* RECORDS FOR THIS TASK
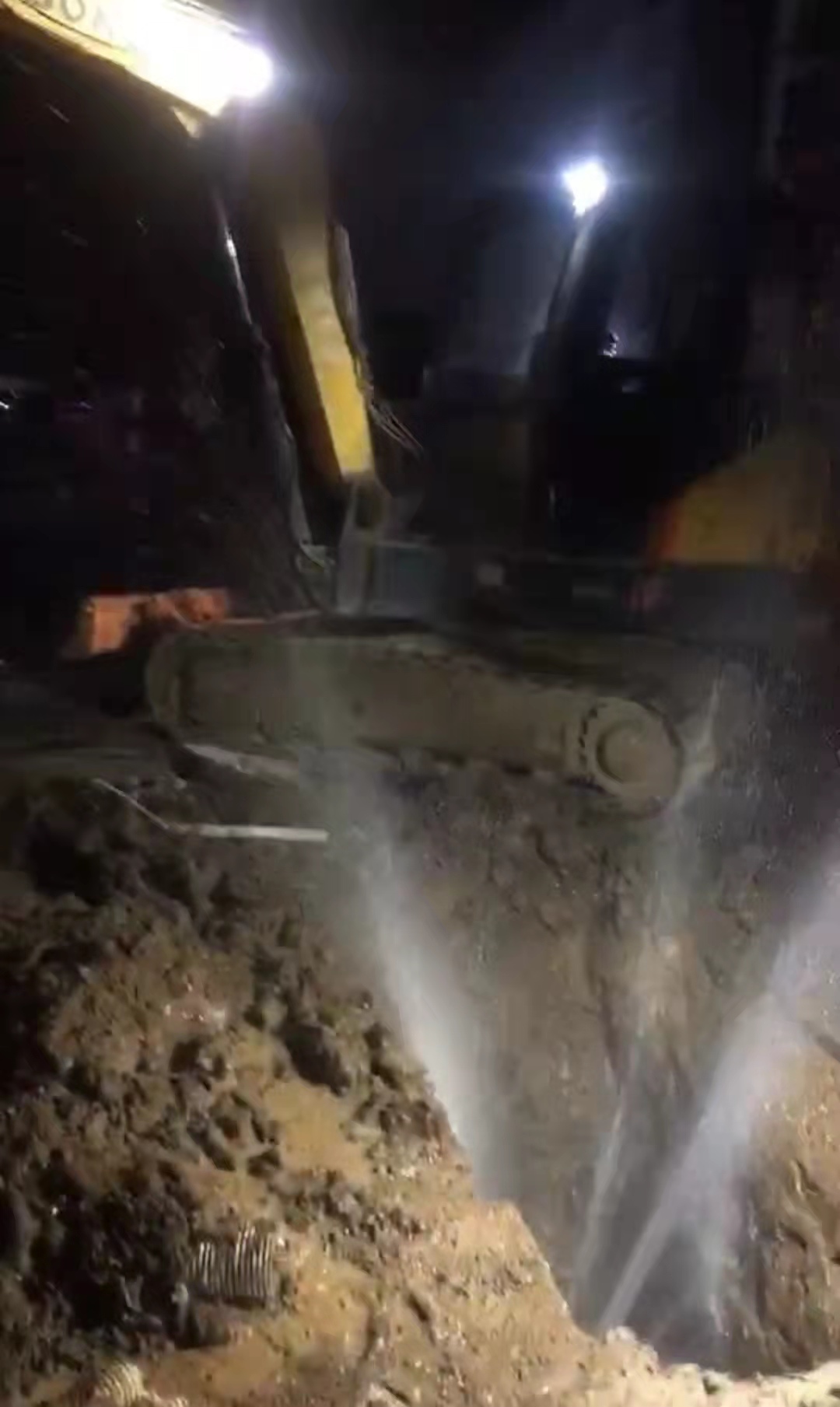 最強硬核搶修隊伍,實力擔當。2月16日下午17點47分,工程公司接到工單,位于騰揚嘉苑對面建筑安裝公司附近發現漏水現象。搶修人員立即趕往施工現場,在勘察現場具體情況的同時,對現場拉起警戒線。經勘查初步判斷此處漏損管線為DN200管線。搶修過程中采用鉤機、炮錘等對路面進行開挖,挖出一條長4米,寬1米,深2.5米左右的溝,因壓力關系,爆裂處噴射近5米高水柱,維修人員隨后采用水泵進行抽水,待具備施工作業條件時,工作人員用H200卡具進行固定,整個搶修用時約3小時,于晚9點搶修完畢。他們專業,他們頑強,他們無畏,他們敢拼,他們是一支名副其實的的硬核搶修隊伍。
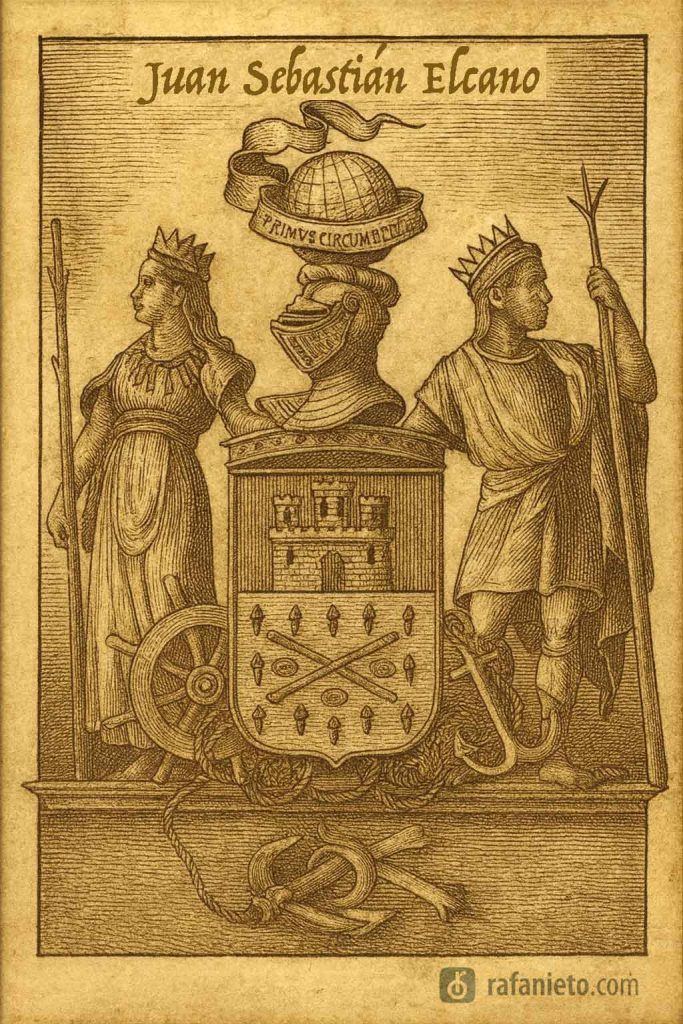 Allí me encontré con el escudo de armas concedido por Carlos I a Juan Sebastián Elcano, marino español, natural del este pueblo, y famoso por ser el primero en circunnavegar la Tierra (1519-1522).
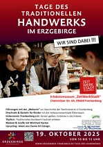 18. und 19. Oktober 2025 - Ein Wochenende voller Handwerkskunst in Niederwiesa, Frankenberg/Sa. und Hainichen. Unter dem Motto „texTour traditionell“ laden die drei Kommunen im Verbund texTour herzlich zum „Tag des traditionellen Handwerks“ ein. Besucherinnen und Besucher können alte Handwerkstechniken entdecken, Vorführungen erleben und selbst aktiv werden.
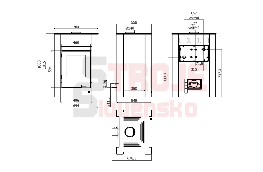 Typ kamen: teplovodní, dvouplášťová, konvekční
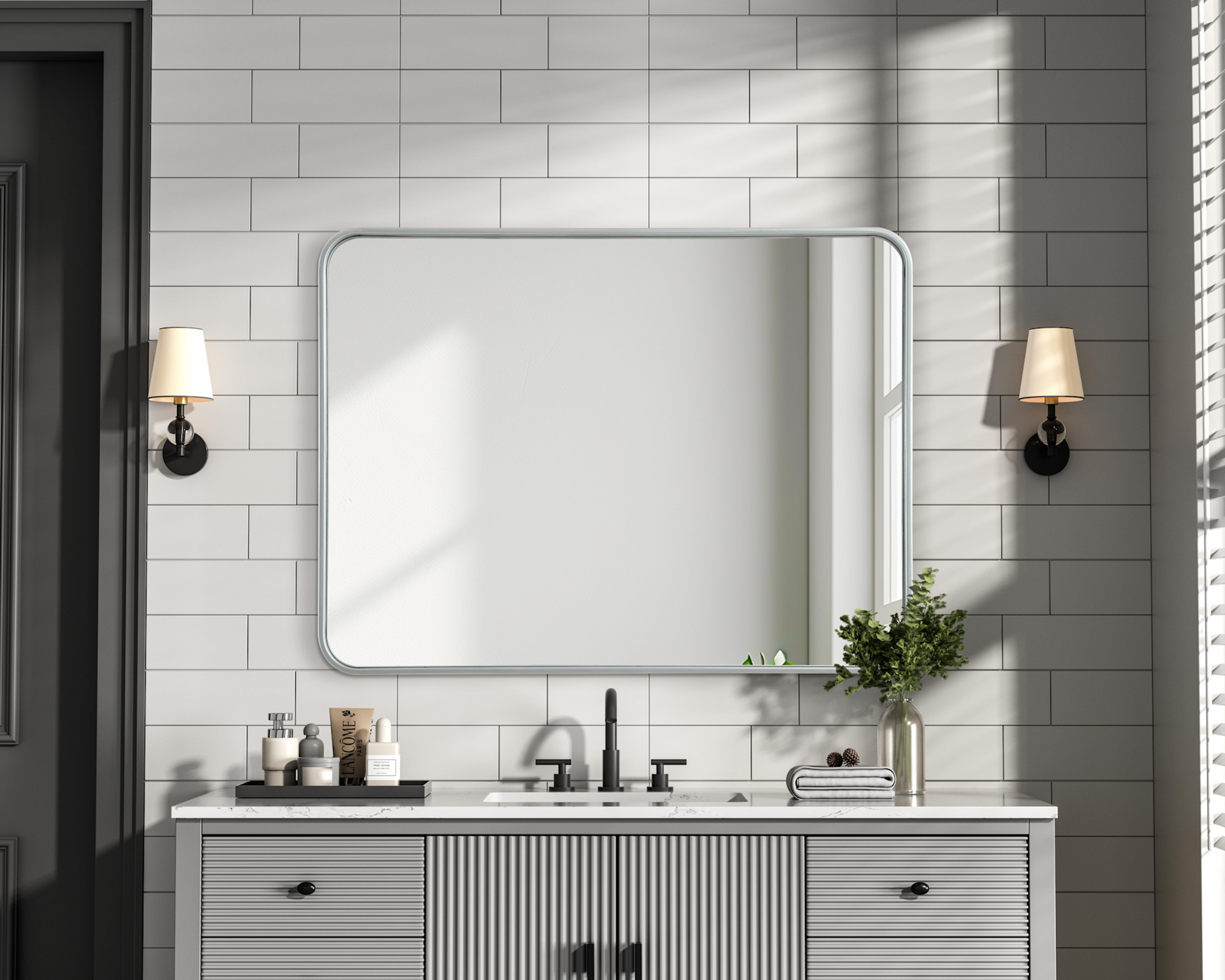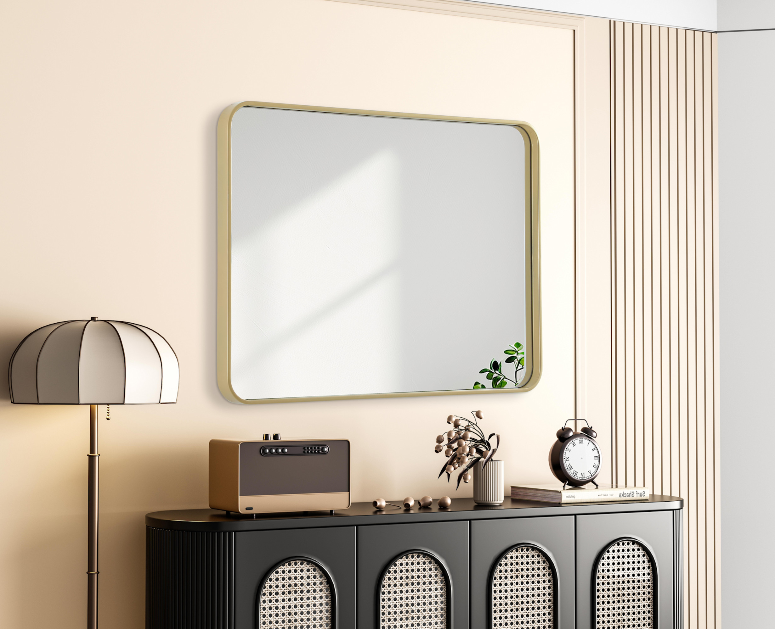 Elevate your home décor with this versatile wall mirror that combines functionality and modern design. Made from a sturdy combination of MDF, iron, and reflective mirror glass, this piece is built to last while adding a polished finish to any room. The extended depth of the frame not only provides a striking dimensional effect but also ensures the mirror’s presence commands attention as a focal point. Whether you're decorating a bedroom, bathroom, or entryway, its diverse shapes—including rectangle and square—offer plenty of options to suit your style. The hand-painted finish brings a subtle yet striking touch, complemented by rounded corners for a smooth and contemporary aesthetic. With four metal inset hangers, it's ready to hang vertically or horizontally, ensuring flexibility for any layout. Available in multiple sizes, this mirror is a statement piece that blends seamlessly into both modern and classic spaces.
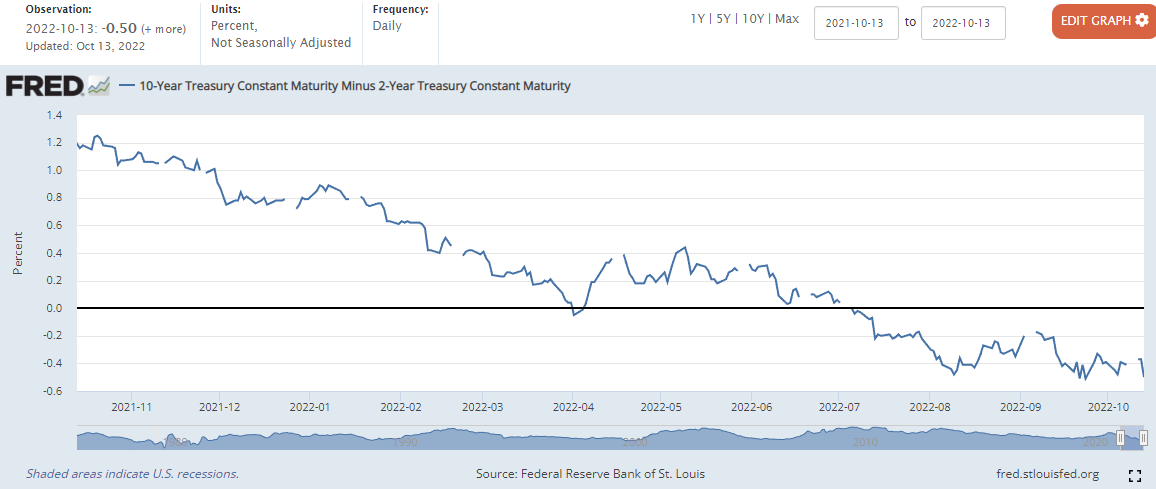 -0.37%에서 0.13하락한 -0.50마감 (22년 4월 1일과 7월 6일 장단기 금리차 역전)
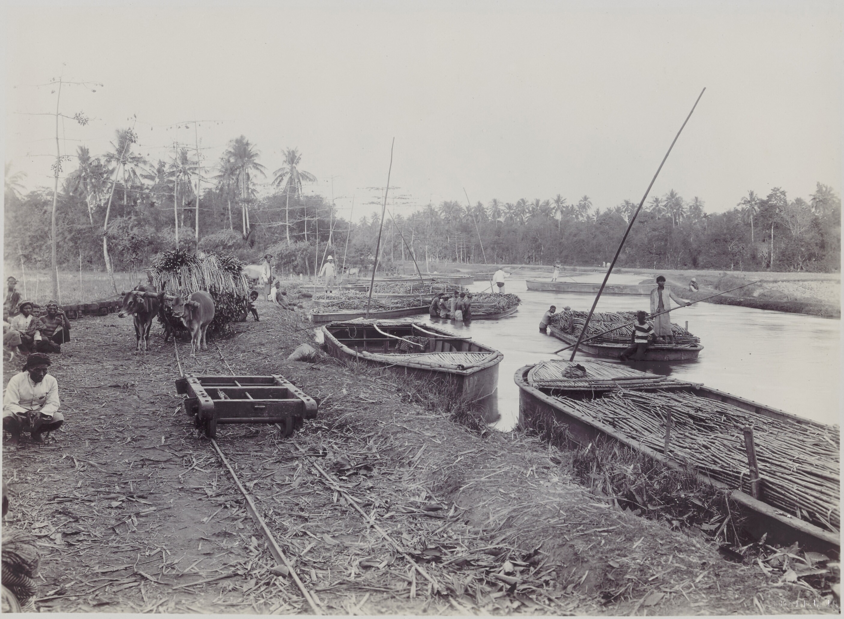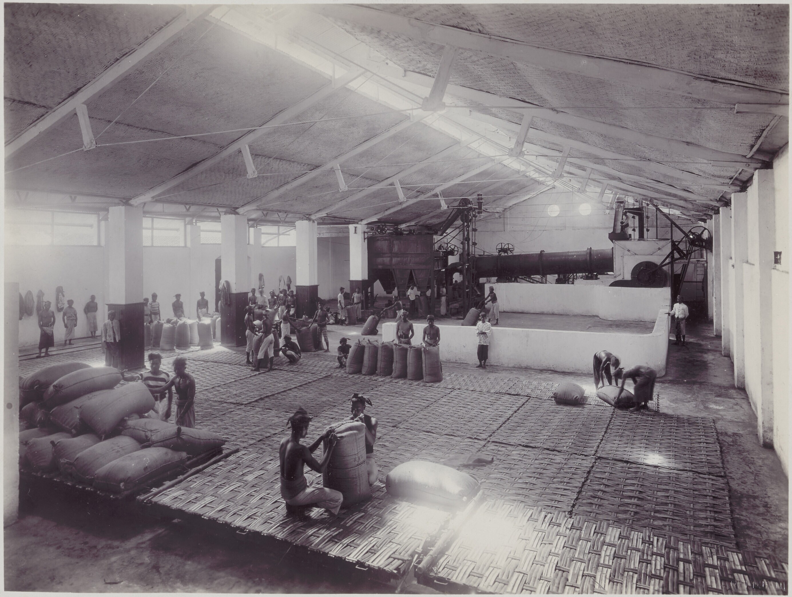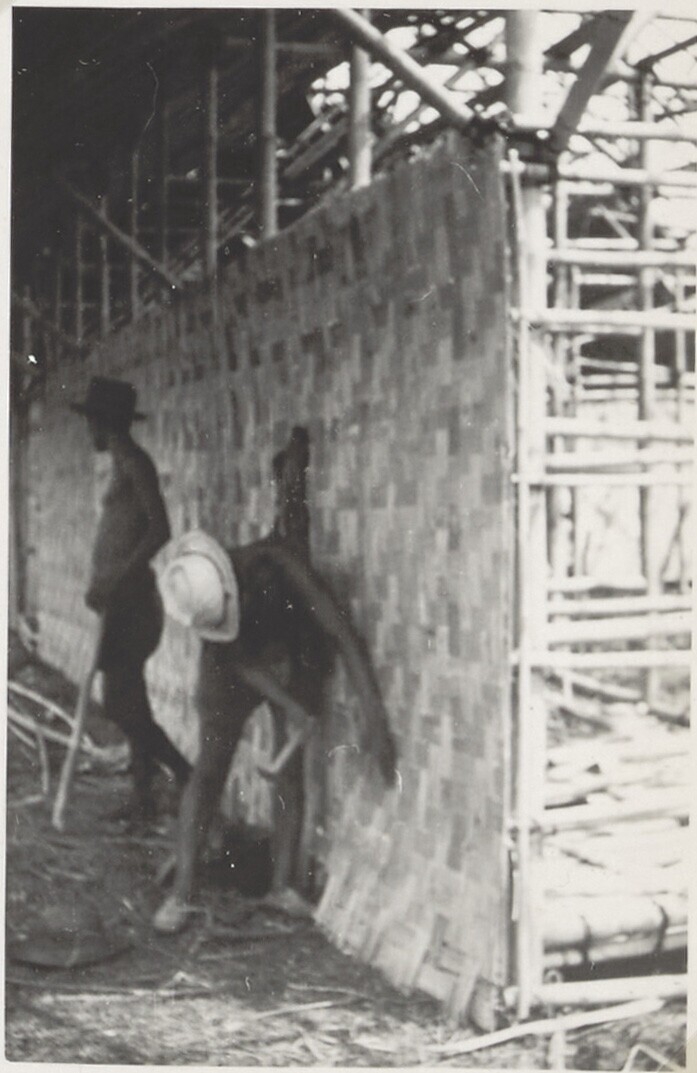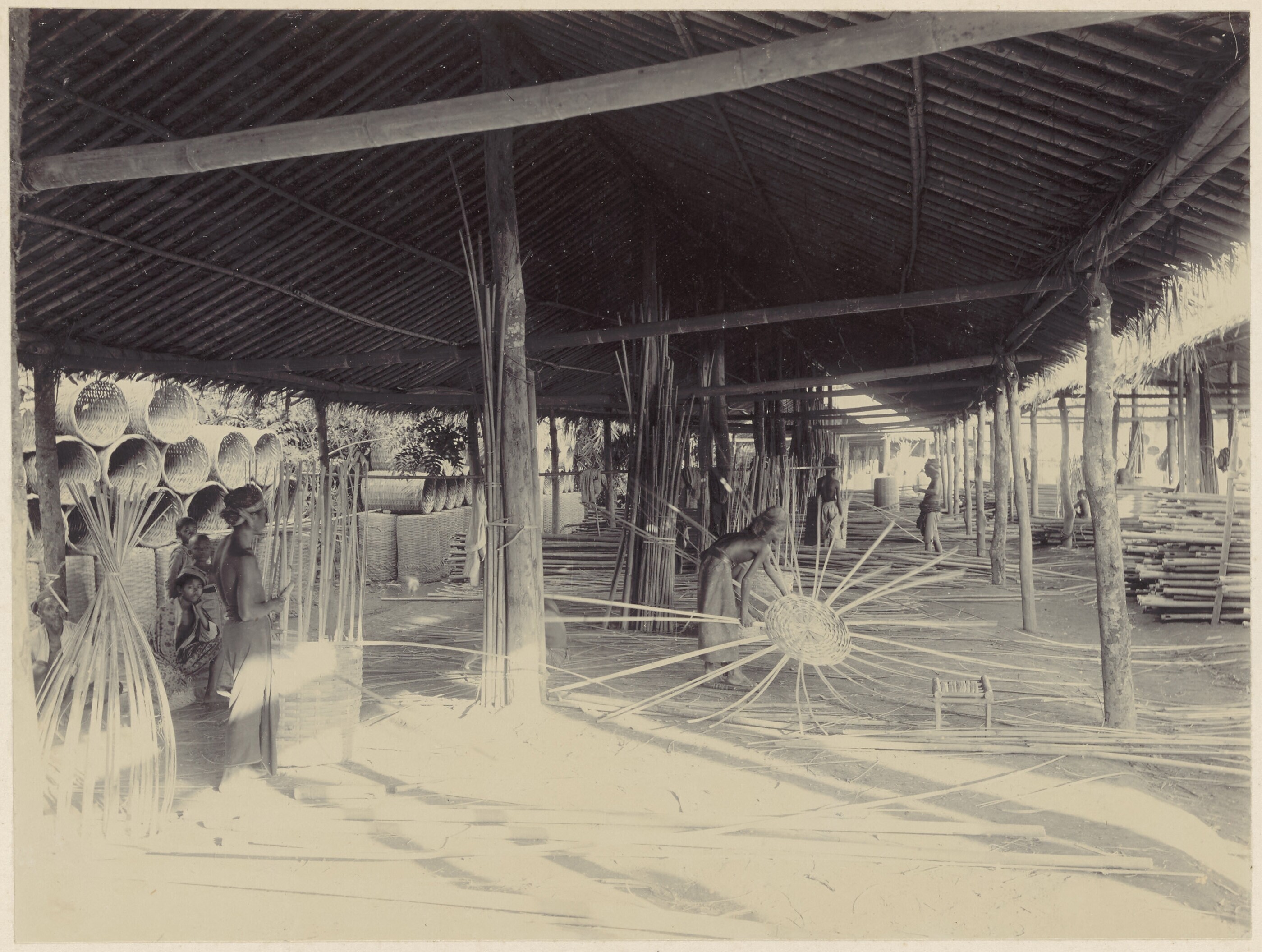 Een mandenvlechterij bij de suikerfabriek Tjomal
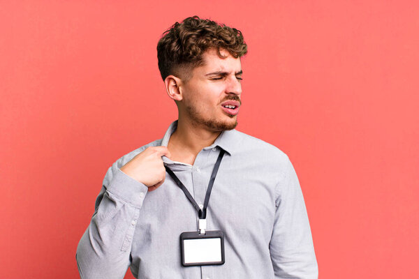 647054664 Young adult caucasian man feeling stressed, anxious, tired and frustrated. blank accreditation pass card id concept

* WHAT YOU ARE ASKED TO DO
Set the pictures aside and transcribe exactly the stretch of lines above, beginning with the one holding "18. und 19." and ending with the one holding "Typ kamen: teplovodní, dvouplášťová, konvekční".

* TASK SOLUTION
 18. und 19. Oktober 2025 - Ein Wochenende voller Handwerkskunst in Niederwiesa, Frankenberg/Sa. und Hainichen. Unter dem Motto „texTour traditionell“ laden die drei Kommunen im Verbund texTour herzlich zum „Tag des traditionellen Handwerks“ ein. Besucherinnen und Besucher können alte Handwerkstechniken entdecken, Vorführungen erleben und selbst aktiv werden.
 Typ kamen: teplovodní, dvouplášťová, konvekční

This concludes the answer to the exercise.